GitHub - gjyin/RL-Factory: Train your Agent model via our easy and efficient framework

📘Tutorial | 🛠️Installation | 🎨Framework; 🏆Model

RLFactory is an easy and efficient RL post-training framework for Agentic Learning.

RL-Factory decouples the environment from RL post-training, enabling training with just a tool config and reward function while supporting async tool-calling to make RL post-training 2x faster.

Current version natively supports one-click DeepSearch training and features multi-turn tool-calling, model judge reward, and training of multiple models including Qwen3. More easy and efficient agentic learning modules will be added in upcoming features.

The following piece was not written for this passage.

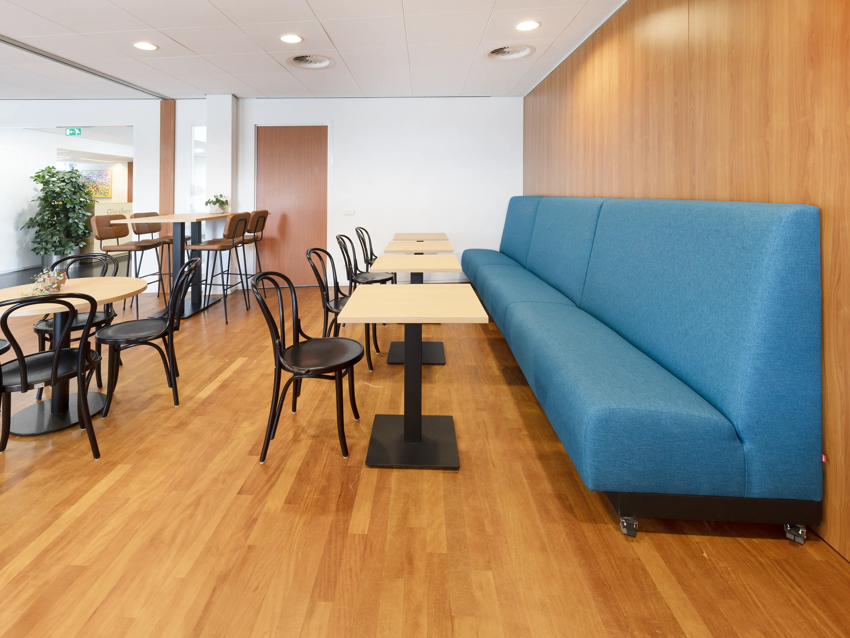 Treinbank in dubbele rug-aan-rug uitvoering met sokkel in afmeting : 1600 x 1400 x 1500mm (BxHxD). Standaard zithoogte is 460mm.

Now, everyone can easily and quickly train an Agent model with Qwen3 (as base models) and MCP tools!

Our Framework Design

Our goal is to enable users to focus on reward logic and tool setup for fast agentic learning with minimal code, while hardcore developers could focus on improving training efficiency and model performance.

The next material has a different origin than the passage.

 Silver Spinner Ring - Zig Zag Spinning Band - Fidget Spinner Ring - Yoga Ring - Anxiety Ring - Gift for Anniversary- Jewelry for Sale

For easy-to-use, we decouple the environment from RL-based post-training with several advantages.

Easy-to-design reward function: Calculate rewards through rules, model-judge, and even tools to meet all your requirements for reward function.
Seamless tool setup: Simply provide the configuration file for your MCP tools and custom tools to integrate them into RL learning.
Multi-Agent extention: Convert your agent to the MCP format for easy Multi-Agent Interaction. LLM chat simulation will be also added in the future to improve multi-turn dialogue capabilities.

For efficient learning, we develope several essential modules within the RL post-training framework, making training 2x faster.

Efficient tool-call: Improve online RL training efficiency through batch processing and asynchronous parallel tool calls.
Efficient reward calculation: Deploy LRM (like QwQ-32B) in a distributed manner for efficient model judging, and use asynchronous parallelism to speed up reward calculation.

For future progression, we will continue to prioritize "easy" and "efficient".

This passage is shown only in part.